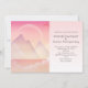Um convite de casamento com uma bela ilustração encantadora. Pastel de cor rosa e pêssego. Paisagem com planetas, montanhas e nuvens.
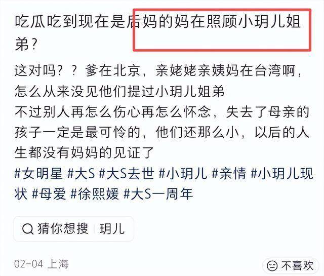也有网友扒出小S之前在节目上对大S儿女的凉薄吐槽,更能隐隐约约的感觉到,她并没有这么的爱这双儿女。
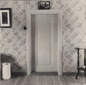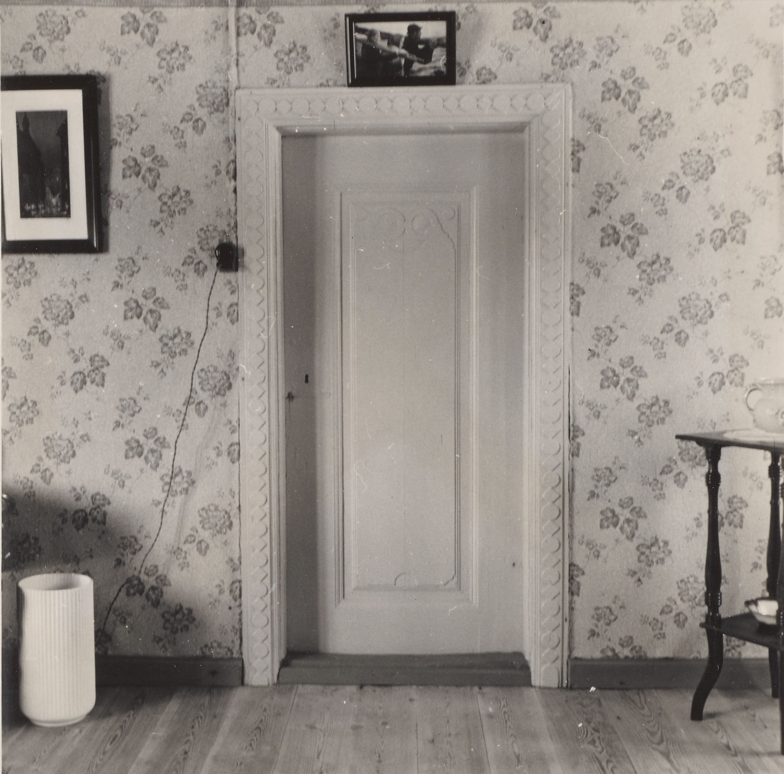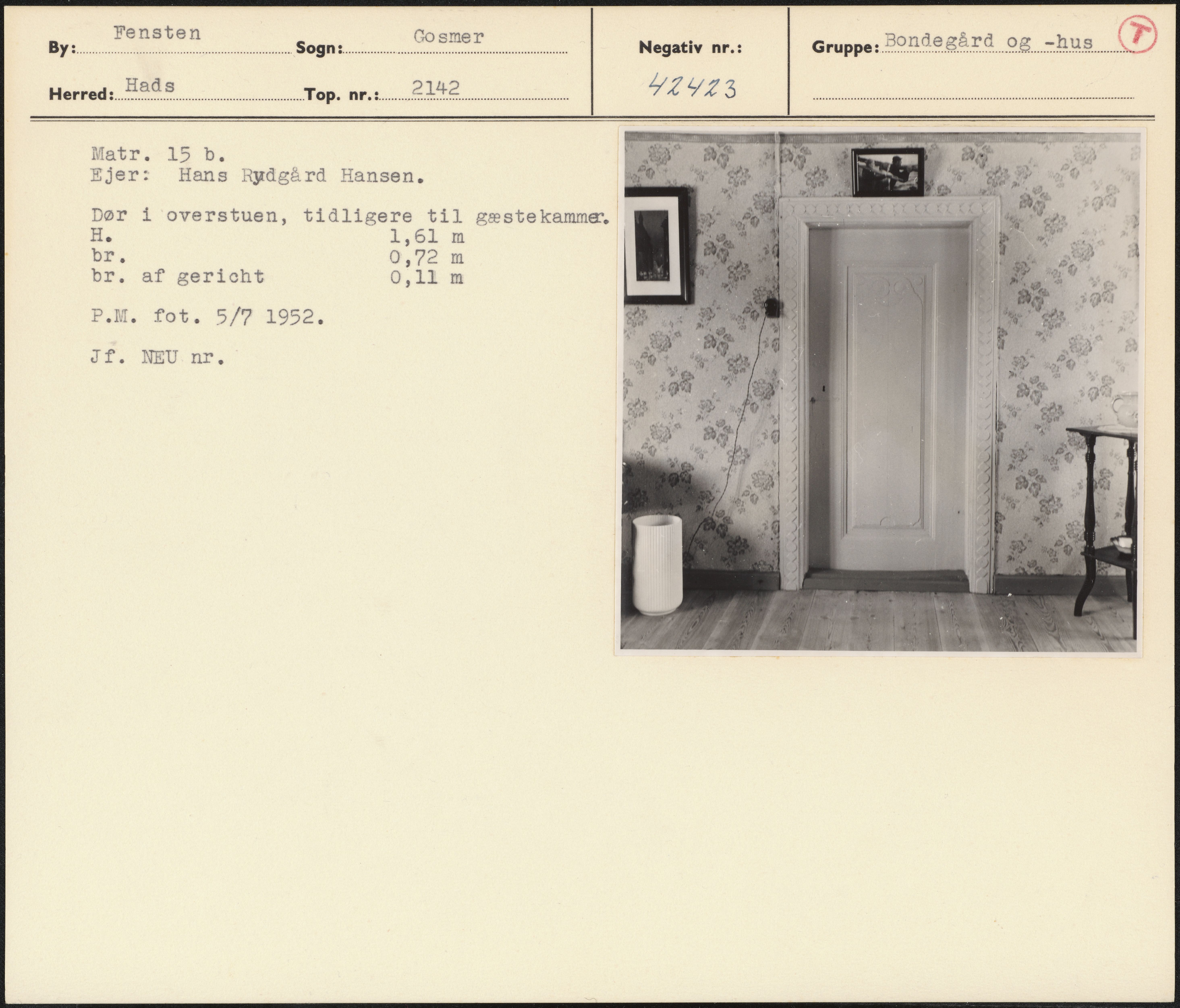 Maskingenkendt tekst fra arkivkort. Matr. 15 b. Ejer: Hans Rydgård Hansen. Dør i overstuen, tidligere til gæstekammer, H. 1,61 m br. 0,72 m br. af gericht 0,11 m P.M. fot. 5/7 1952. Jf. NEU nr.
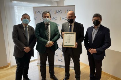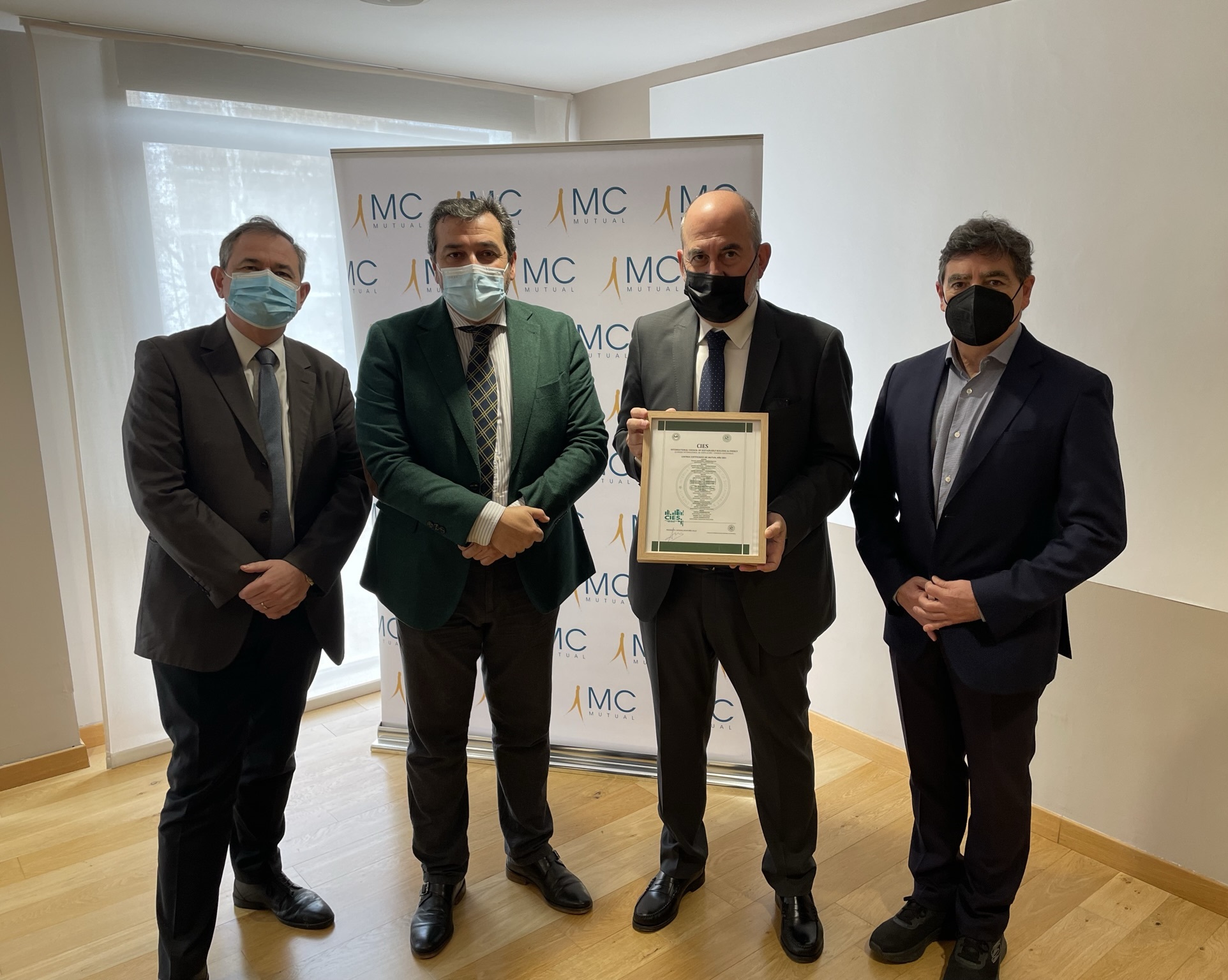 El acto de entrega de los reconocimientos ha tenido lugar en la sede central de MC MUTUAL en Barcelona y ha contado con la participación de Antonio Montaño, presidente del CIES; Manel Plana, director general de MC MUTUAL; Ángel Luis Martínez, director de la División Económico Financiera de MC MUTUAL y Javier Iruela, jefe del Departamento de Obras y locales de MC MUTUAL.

____

**DESCRIPTION OF THE TASK**
Transcribe the opening line of the listing above, please, and every line after it through the line with "Maskingenkendt tekst fra", word for word, without pictures.

**RESPONSE AREA**
Um convite de casamento com uma bela ilustração encantadora. Pastel de cor rosa e pêssego. Paisagem com planetas, montanhas e nuvens.
也有网友扒出小S之前在节目上对大S儿女的凉薄吐槽,更能隐隐约约的感觉到,她并没有这么的爱这双儿女。
 Maskingenkendt tekst fra arkivkort. Matr. 15 b. Ejer: Hans Rydgård Hansen. Dør i overstuen, tidligere til gæstekammer, H. 1,61 m br. 0,72 m br. af gericht 0,11 m P.M. fot. 5/7 1952. Jf. NEU nr.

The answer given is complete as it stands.